A juventude de Romeu e Julieta

06/06/1984 23:13

História de amor e de rancor. Verso e reverso, essa a impressão que fica. Há, naturalmente, a candente execração dos interesses grupais e familiares impedindo a realização dos amantes. A defesa da propriedade e da família, e seu oposto libertário, vistos por um poeta maior bem antes de alguém escrever um estudo clássico sobre o assunto. No mais, especulações, especulações. Um artista de mil vozes e mil intuições é para isso mesmo.

A versão atual de Romeu e Julieta é romântica e jovial.
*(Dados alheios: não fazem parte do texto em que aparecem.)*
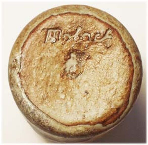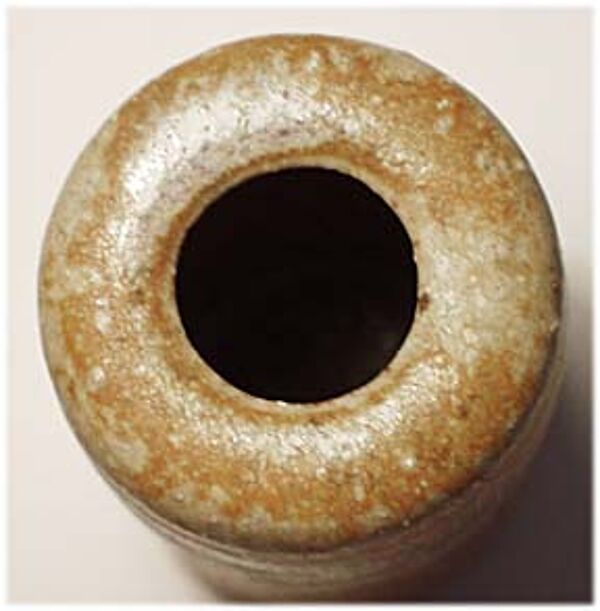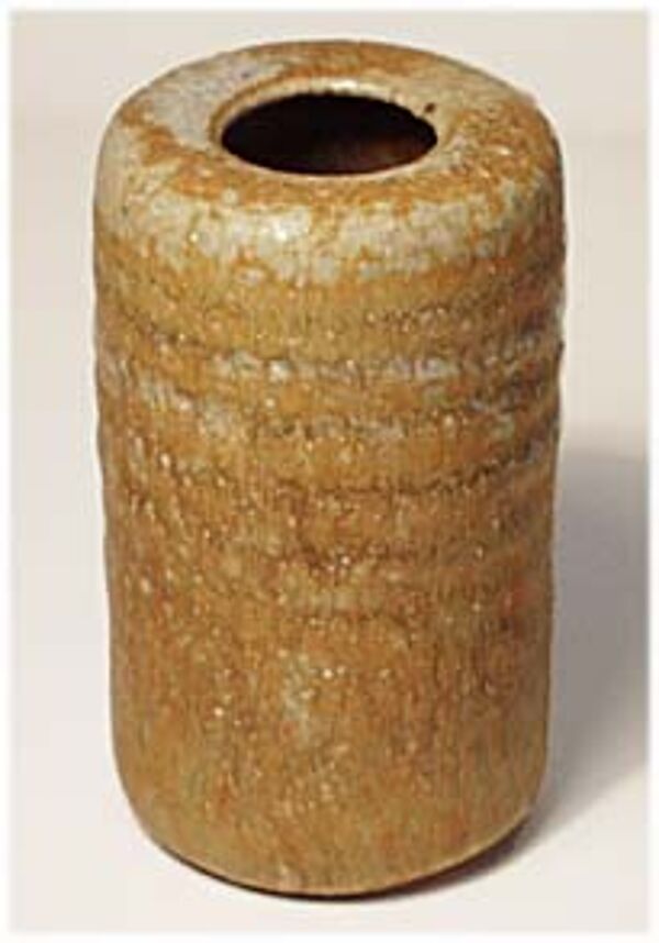 Zylindrischer, leicht gerillter Korpus. Ockerfarbener Scherben mit beige-bräunlicher, gesprenkelter Glasur. Höhe ca. 9,2 cm. Unterseitig bezeichnet, wohl 40er bis 60er Jahre.
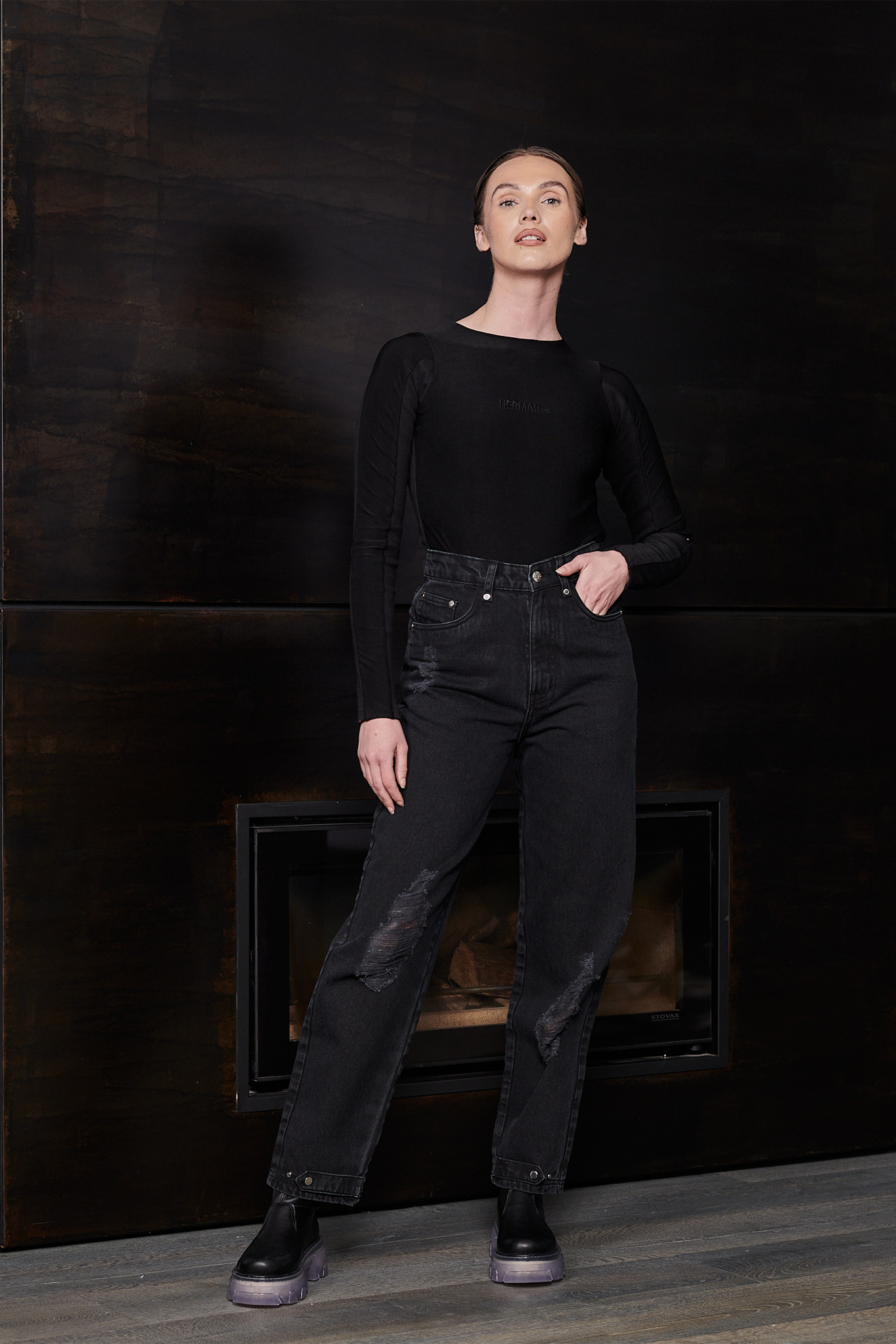 Looking for a stylish, relaxed alternative to your go-to jeans? Our black wash jeans are perfect for giving your everyday style a trendy update. With distressed detailing and a comfortable straight leg fit, these jeans are sure to become a favourite in your wardrobe. Plus, the internal waistband adjusters make them super easy to personalize to your own flattering figure. So why wait? Add these versatile distressed jeans to your new season's wardrobe today.

Aposta decididamente, na força juvenil apresentada como jogo jurídico, carnaval veneziano, apesar das brutais interrupções.

A encenação despojadíssima ao excesso (uma escada comum tenta imitar o famoso balcão da casa de Julieta) celebra o lirismo dos namorados e a camaradagem quente entre amigos. O texto pede assim: meninos-homens e meninas-mulheres. Quase impossível: a tradição teatral e a densidade do texto exigem intérpretes amadurecidos, brilhantes, técnicos. Antunes teimou em fazer de novatos personagens célebres. Como resultado teve a perda de parte da poesia shakespeariana que clama por grandes vozes e grandes intensidades mas, em compensação, impôs a poesia da juventude. Impossível imaginar uma Julieta mais espontânea e linda que Giulia Gam, ou um Romeu-Pop mais arrojado do que Marco Antônio Pâmio.

Eles convencem por serem como são: floridos, frágeis, verdes. O teatro na linha de representação que busca as alturas de Shakespeare fica com Oswaldo Boaretto Jr, Marlene Fortuna, Salma Buzzar, Marcos Oliveira. Esses procuram a sonoridade literária que fez de Shakespeare um traço indelével na cultura ocidental (ou mais, basta lembrar Kurosawa).  Giulia-Marco Antônio, ao contrário, trazem o frescor da inexperiência totalmente a vontade (Giulia já com definição maior para o palco). Do encontro dos opostos sai a deficiência e a novidade do espetáculo. Na comparação, o resultado é positivo.

Romeu e Julieta tem estampada a coerência do encenador em busca de inovações. Somatória de coragem e desencontros. Fantasia – real – amorosa ao som universal dos Beatles. A morte é vencida na obra de William Antunes Filho.